I think the answer to all of my questioning lies in my decisive willingness to move ahead, all the while holding these internal tensions in delicate balance. There will be doubts that linger, about why I am writing, how long I should spend on a piece and if there is even an audience to read my work. But, if I submit my days and ultimately a great part of my life to this endeavor, all doubt will eventually be cast out by the weight of my investment.

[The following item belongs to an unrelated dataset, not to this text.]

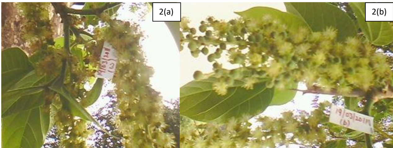
Slide 2(a) and 2(b): Male plant of Trewia nudiflora showing inflorescence of male flowers on March 19, 2011 in the campus of Forest Research Institute, Dehradun

Submitting to the writing process, its horrible tedium, exhaustion and painful reach into the depths of psychic capacity continues to be a lesson about submitting to the tiresome and various processes of becoming that we all daily face. Whether we seek to become a brilliant husband, mother, friend, teacher or doctor, there is this very heart-breaking window of becoming that threatens our pursuits, crippling us with fear about the future (“Is this really what I want to do for the rest of my life?” “Can I cope with this long-term without the use of narcotics?”) Successfully pursuing high-priority goals and relationships will be a tremendous undertaking. We soon come to the conclusion that we must submit to the long processes stretching before us by first uprooting romantic and silly-headed views of our life’s work and drawing closer to (and doing!) the messy, unappealing and dangerous work itself.

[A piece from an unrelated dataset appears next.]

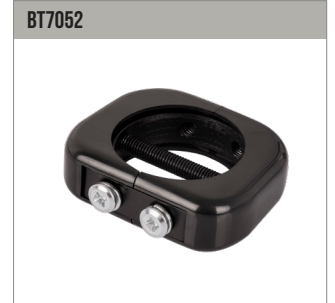
Ø50mm Accessory Collar to attach mounts an accessories to Ø50mm poles

Right here, on this page, I (re)submit to the process of writing, blogging, becoming. My goal is to encourage you through your writing process as I am laboring to be faithful in mine. Specifically, I will address my journey toward creative and academic publication. I submit to the fact that although I begin here hoping to encourage other writers, this endeavor will surely evolve into a strange, wild amorphous beast that will require me (and hopefully you) to confront the frailty of my knowledge and the overwhelming uncertainty that is essential to life.

References
Lewis. C.S. A Grief Observed. New York: HarperCollins, 1994. Print.